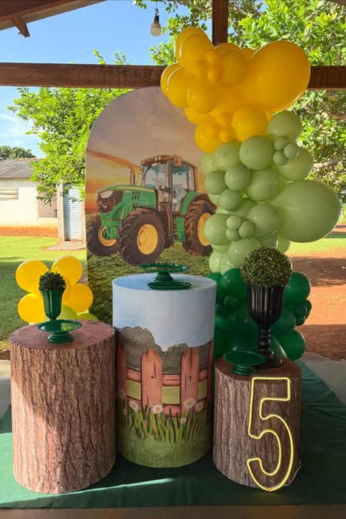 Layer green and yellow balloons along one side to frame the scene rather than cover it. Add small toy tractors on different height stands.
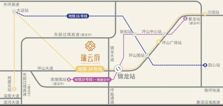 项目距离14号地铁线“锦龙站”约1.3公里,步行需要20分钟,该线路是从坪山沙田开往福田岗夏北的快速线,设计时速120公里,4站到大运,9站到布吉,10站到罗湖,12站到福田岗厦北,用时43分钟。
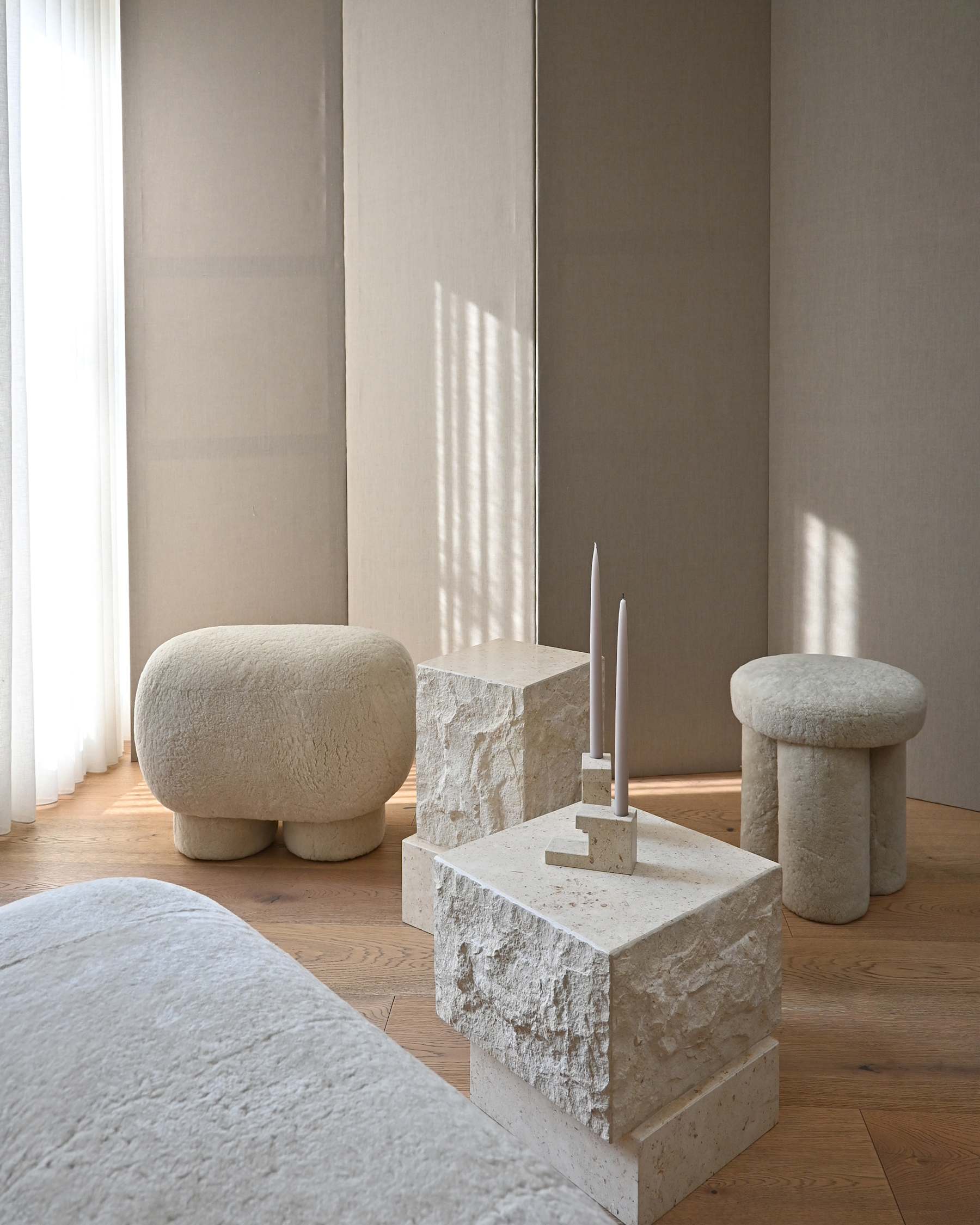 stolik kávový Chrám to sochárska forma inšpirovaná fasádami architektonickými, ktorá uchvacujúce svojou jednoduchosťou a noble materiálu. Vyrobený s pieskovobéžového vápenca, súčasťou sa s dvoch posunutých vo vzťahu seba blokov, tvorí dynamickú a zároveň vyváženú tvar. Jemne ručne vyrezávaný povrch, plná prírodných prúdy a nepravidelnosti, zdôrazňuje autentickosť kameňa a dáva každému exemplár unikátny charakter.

ASSIGNED TASK
Send back the listing exactly as it stands. Do not include the pictures.

YOUR SOLUTION
 Layer green and yellow balloons along one side to frame the scene rather than cover it. Add small toy tractors on different height stands.
 项目距离14号地铁线“锦龙站”约1.3公里,步行需要20分钟,该线路是从坪山沙田开往福田岗夏北的快速线,设计时速120公里,4站到大运,9站到布吉,10站到罗湖,12站到福田岗厦北,用时43分钟。
 stolik kávový Chrám to sochárska forma inšpirovaná fasádami architektonickými, ktorá uchvacujúce svojou jednoduchosťou a noble materiálu. Vyrobený s pieskovobéžového vápenca, súčasťou sa s dvoch posunutých vo vzťahu seba blokov, tvorí dynamickú a zároveň vyváženú tvar. Jemne ručne vyrezávaný povrch, plná prírodných prúdy a nepravidelnosti, zdôrazňuje autentickosť kameňa a dáva každému exemplár unikátny charakter.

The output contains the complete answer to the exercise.